District staff told the school board that Norfolk made gains in several indicators despite new state accountability rules, but federal identifications and staffing-reporting issues pushed some schools into lower categories; district has filed accreditation appeals with VDOE.

Miss McGarity, the district presenter, opened the "State of the Schools" review for the 2024–25 year and told the Norfolk School Board that the division "ensured we navigated that change with intention" as Virginia shifted its accountability and accreditation systems. The presentation laid out how the Virginia SPSF (school performance framework) and the state accreditation system differ and how federal identifications shift schools' final categories.

The most immediate headline from the presentation: Norfolk had 43.9% of its schools performing "on track" using the SPSF performance calculation; when federal identifications are layered in that share falls to about 34.1%, with 12.2% of schools in the "needs intensive support" category, according to McGarity. She pointed to several schools that were very close to higher designations — Larchmont, Southside STEM Academy, Oceaneer Elementary and Lindenwood Elementary — and said VDOE rounding rules and identification procedures changed final placements for some schools.

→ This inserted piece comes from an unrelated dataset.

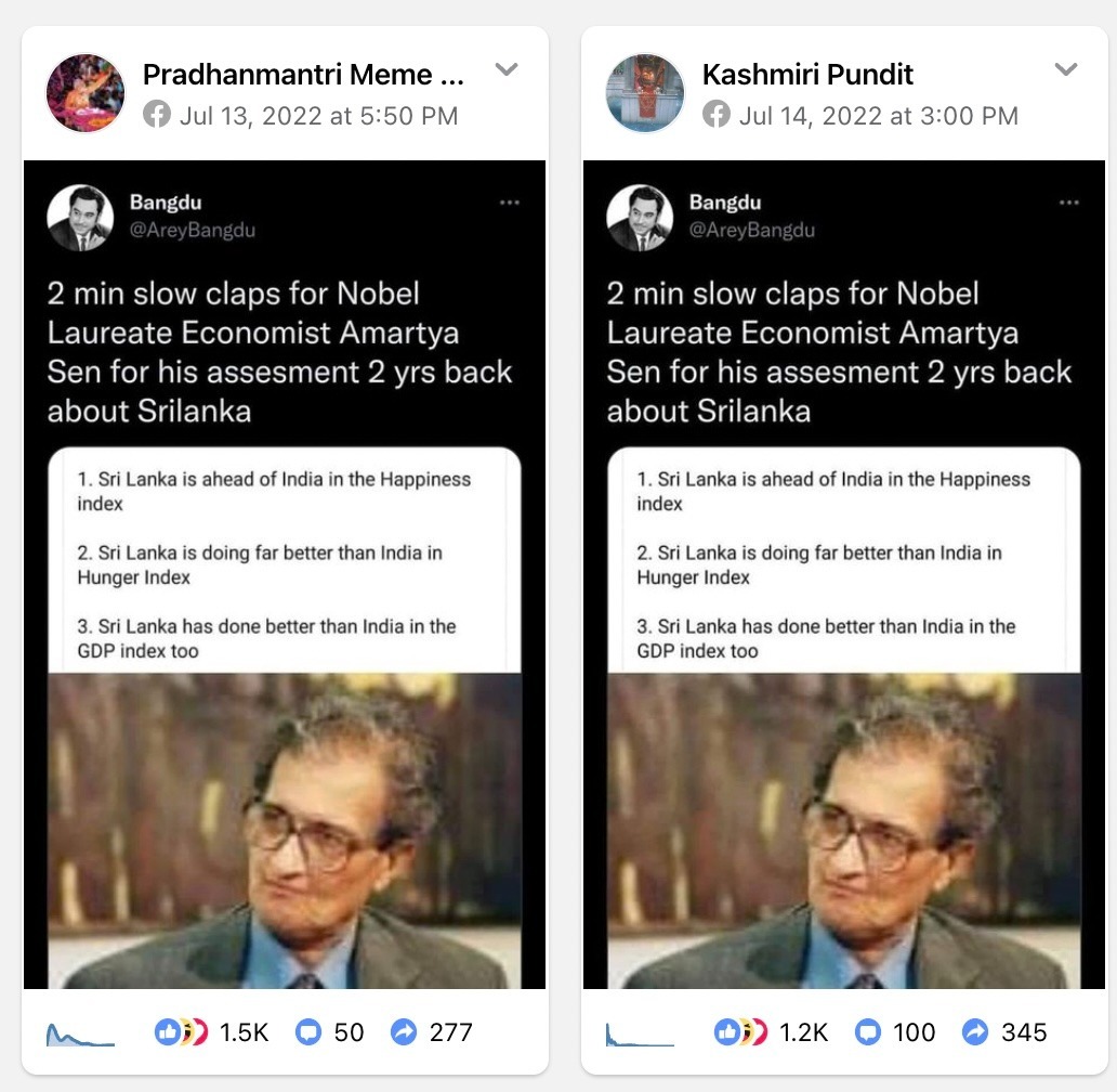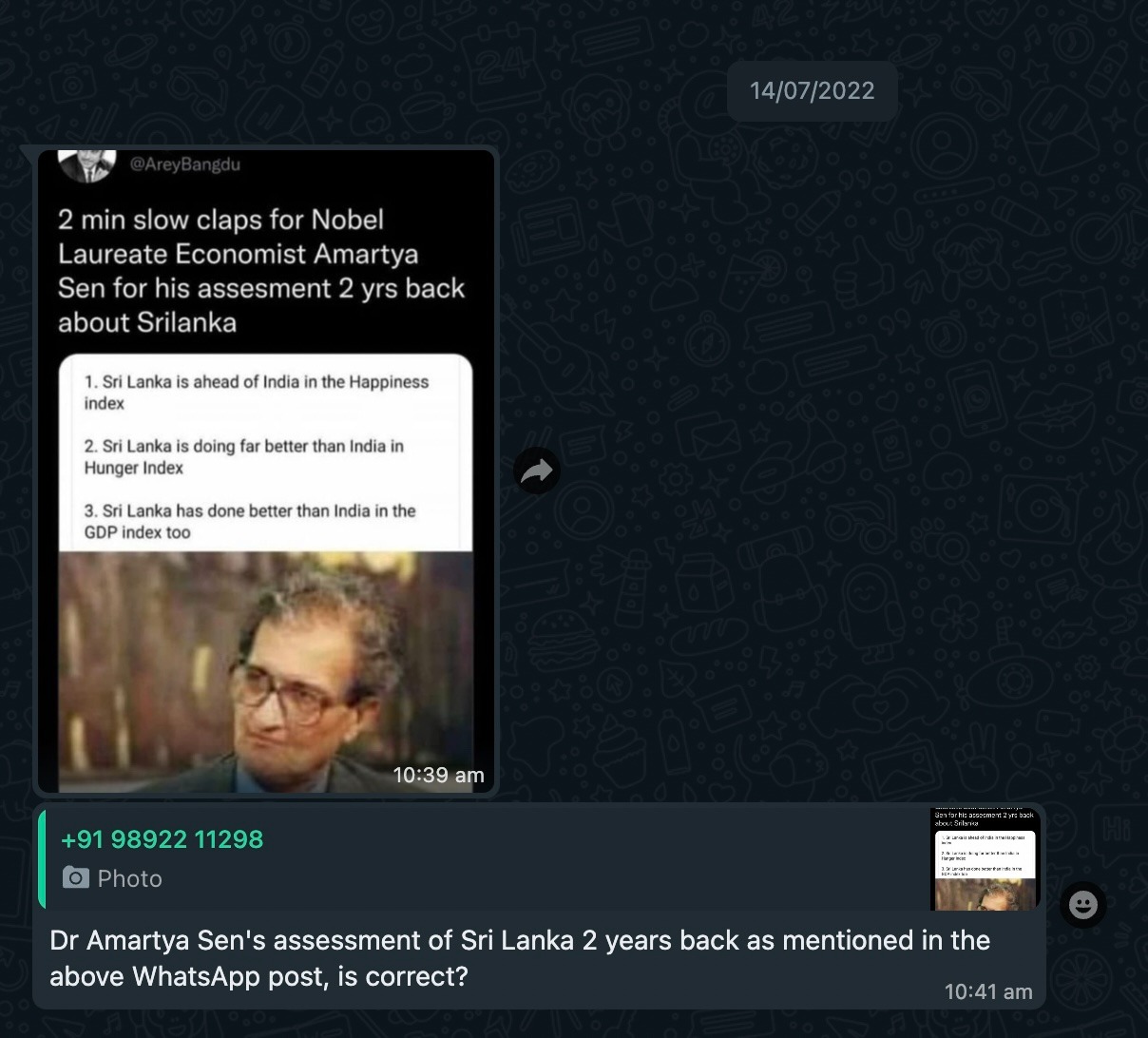 In the backdrop of the ongoing economic crisis in Sri Lanka, several social media users have shared an image of Nobel laureate Dr Amartya Sen along with the following statements: “Sri Lanka is ahead of India in Happiness Index, Sri Lanka is doing far better than India in Hunger Index, Sri Lanka has done better than India in GDP Index too.” Due to the nature of the graphic, viewers can misinterpret these statements as quotes by Sen.

McGarity said the district is contesting some accreditation findings and has filed formal appeals with the Virginia Department of Education (VDOE). She said the accreditation citations were largely in two areas: staffing and federal program outcomes. The staffing findings, she said, stemmed from unlicensed support roles (for example, vacant media specialist or counselor positions) that affected the accreditation status even where classroom performance had improved. "A formal accreditation appeal has been submitted and received by VDOE," she told the board.

Board members pressed the administration on how those results will be communicated to families. Dr. Pohl and McGarity said the district will publish school-level comprehensive support plans and will create a one-page explainer and a web page that separates "performance" (student outcomes) from "accreditation" (adult inputs) so the public can see both celebrations and areas to improve.

The presentation also highlighted inequities in subgroup outcomes. McGarity reported that, before federal identification, roughly 41% of Black students were in on-track schools (about 33% after federal IDs), and that socioeconomic status (SES) consistently correlated with off-track identification. She cautioned that some indicators — for example English-language-proficiency measures and federal identifications called out by a recent JLARC review — can shift category assignments and complicate comparisons across divisions.

Other data points included district pass-rate trends in reading, math, science and history, and persistent barriers such as staffing vacancies and state delays in textbook approvals. Board members asked for subgroup breakdowns and for a public-facing one-pager the board can use when speaking with constituents. McGarity and Dr. Pohl said those materials will be prepared and that district web pages will be updated once the VDOE finalizes any accreditation changes.

Next steps noted to the board were continued appeals to VDOE, targeted supports grounded in tier 1 instruction improvements, and the use of these accountability data to inform school-level supports and comprehensive school support plans.